• _EXTRACTED INFORMATION_

--------------------------------

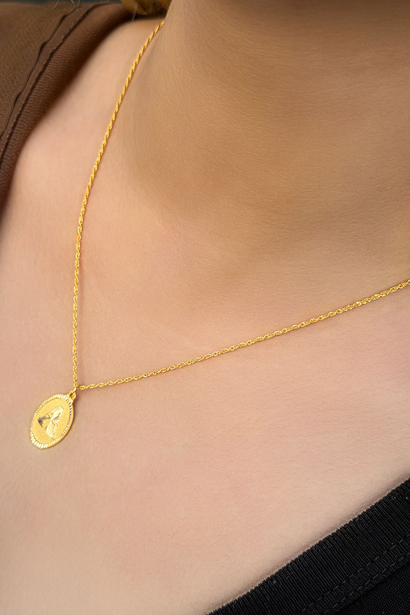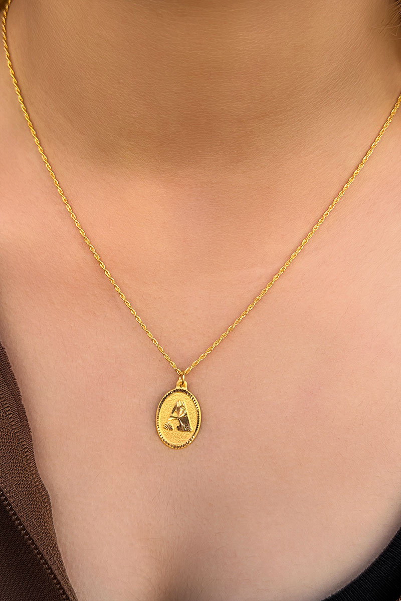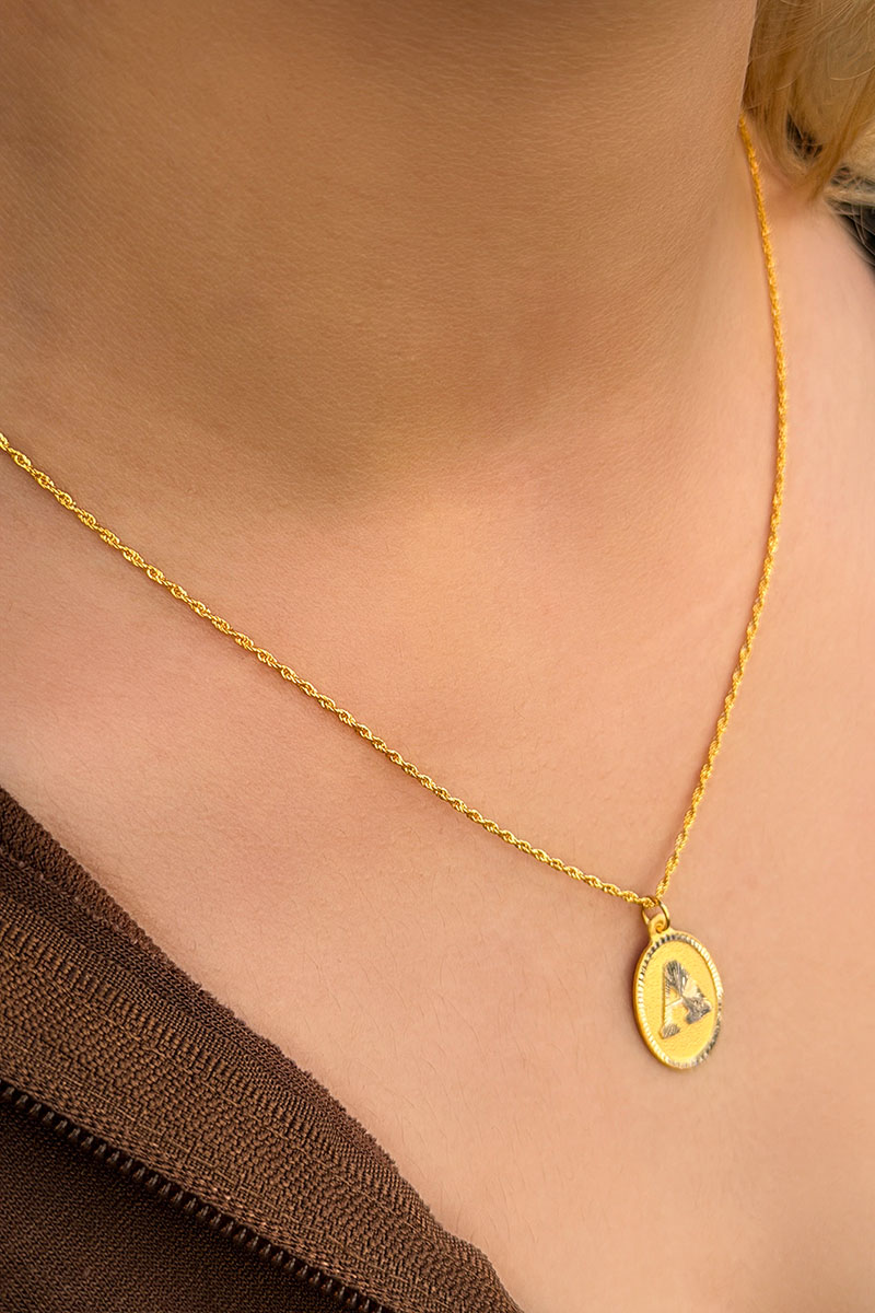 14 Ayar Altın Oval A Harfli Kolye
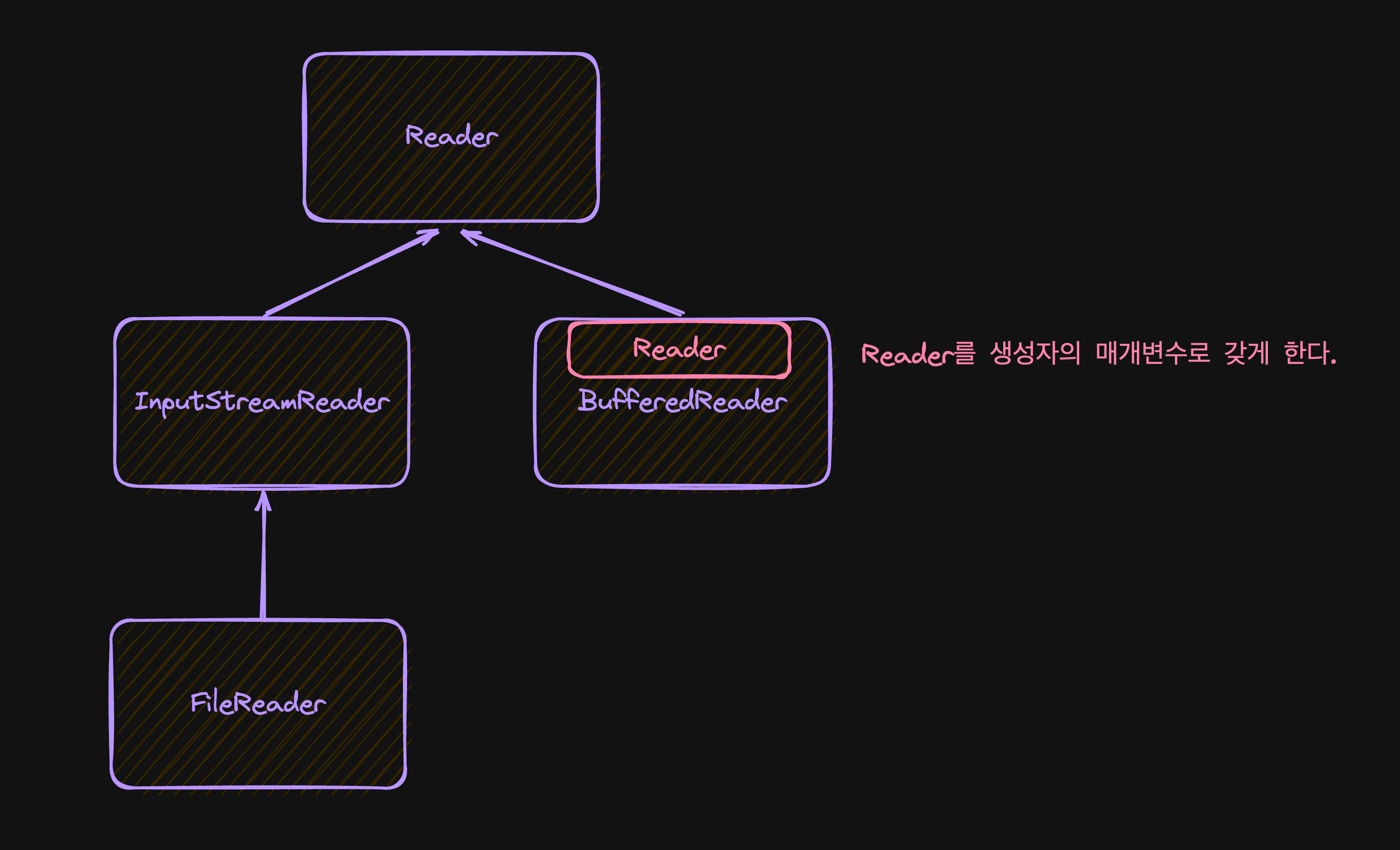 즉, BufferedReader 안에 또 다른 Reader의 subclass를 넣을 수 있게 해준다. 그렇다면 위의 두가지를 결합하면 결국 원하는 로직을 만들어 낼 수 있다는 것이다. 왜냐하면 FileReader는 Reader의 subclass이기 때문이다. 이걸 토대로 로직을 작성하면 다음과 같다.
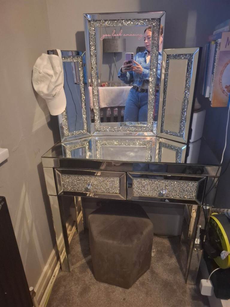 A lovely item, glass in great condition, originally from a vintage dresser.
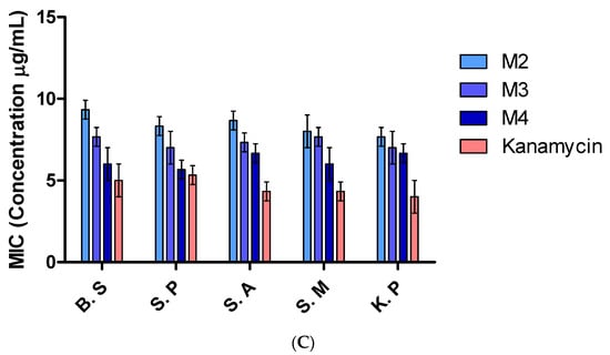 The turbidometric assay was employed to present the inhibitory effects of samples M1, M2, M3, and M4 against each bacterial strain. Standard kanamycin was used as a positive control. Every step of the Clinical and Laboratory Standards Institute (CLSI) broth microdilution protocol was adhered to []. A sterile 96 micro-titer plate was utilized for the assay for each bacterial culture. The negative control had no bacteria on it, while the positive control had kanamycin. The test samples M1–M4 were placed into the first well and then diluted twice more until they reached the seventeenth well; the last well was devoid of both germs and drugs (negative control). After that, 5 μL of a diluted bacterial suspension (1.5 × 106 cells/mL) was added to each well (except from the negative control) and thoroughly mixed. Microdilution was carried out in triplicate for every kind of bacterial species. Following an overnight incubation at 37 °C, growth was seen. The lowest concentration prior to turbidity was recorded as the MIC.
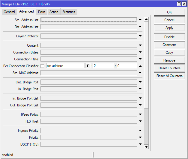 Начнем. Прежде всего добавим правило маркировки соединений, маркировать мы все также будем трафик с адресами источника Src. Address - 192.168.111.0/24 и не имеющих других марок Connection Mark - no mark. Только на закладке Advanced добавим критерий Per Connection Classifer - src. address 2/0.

--------------------------------

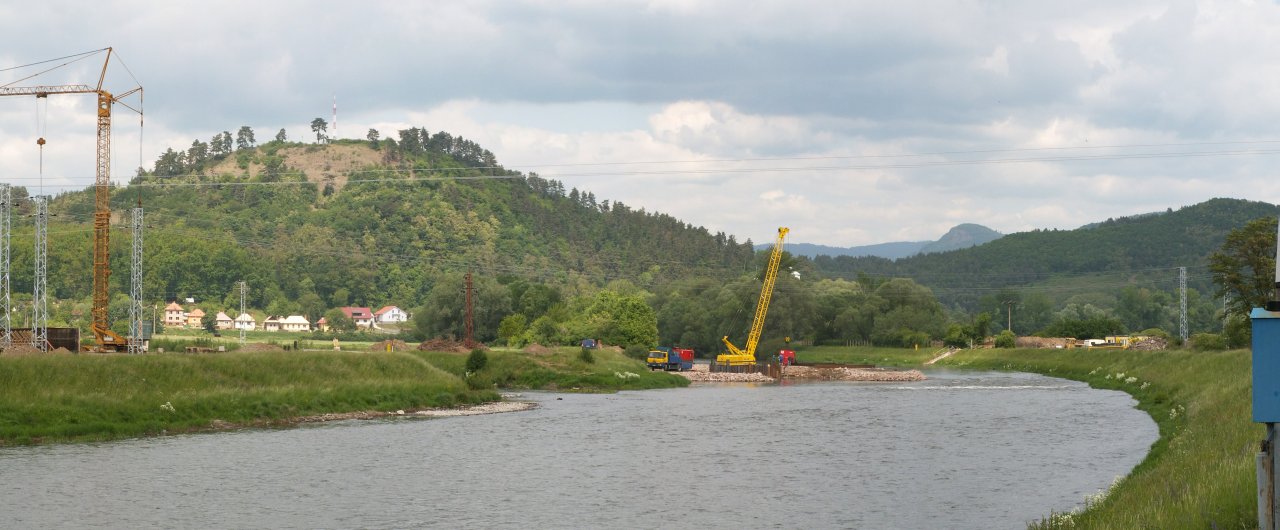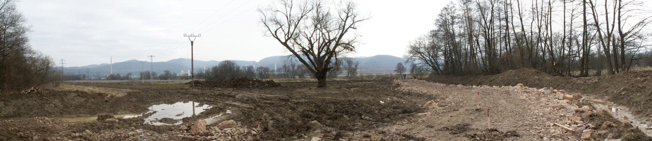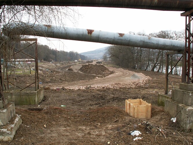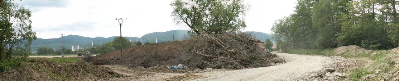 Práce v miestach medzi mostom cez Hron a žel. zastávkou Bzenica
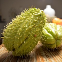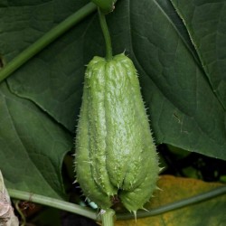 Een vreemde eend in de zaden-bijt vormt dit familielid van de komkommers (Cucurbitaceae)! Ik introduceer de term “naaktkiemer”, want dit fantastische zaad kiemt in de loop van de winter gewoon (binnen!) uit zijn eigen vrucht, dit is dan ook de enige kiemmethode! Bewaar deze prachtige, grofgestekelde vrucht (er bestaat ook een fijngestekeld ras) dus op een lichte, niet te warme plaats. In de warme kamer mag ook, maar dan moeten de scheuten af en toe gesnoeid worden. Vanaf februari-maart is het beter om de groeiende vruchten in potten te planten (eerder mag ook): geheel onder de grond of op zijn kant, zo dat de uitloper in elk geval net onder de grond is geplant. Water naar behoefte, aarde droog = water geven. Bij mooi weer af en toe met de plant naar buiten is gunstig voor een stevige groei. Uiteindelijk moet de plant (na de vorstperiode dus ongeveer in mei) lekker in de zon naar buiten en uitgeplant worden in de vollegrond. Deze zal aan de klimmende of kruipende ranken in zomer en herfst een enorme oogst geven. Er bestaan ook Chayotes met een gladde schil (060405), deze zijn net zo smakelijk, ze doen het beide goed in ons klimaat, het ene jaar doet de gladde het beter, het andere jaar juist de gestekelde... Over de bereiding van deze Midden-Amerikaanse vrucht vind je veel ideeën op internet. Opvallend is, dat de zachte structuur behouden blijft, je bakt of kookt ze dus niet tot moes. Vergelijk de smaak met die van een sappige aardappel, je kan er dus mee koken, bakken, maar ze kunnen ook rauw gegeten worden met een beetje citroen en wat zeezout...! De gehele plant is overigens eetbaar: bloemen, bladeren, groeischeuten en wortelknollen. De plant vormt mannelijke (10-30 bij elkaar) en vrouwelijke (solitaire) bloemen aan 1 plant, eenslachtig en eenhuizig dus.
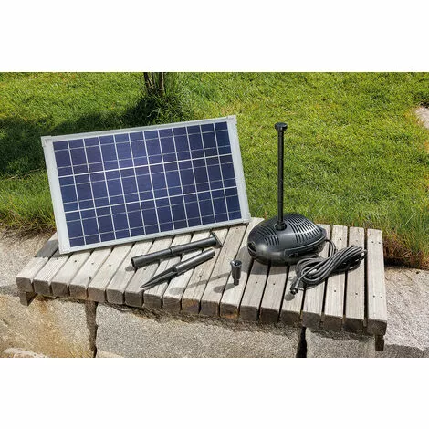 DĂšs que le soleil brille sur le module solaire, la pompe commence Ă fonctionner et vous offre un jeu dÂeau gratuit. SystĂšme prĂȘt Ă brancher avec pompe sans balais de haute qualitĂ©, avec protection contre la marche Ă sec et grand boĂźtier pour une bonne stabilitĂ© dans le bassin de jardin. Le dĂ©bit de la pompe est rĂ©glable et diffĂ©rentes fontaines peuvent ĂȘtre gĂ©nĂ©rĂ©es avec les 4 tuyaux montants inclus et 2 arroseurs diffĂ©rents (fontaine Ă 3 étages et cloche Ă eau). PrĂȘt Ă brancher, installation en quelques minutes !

--------------------------------

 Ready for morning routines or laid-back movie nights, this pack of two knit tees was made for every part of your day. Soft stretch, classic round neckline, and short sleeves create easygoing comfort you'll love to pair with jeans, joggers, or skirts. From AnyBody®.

--------------------------------

• _AIM OF THE TASK_
Among the entries above, copy exactly the stretch from the line holding "14 Ayar Altın Oval A Harfli Kolye" through the line holding "A lovely item, glass", leaving out any pictures.

• _TASK RESULT_
 14 Ayar Altın Oval A Harfli Kolye
 즉, BufferedReader 안에 또 다른 Reader의 subclass를 넣을 수 있게 해준다. 그렇다면 위의 두가지를 결합하면 결국 원하는 로직을 만들어 낼 수 있다는 것이다. 왜냐하면 FileReader는 Reader의 subclass이기 때문이다. 이걸 토대로 로직을 작성하면 다음과 같다.
 A lovely item, glass in great condition, originally from a vintage dresser.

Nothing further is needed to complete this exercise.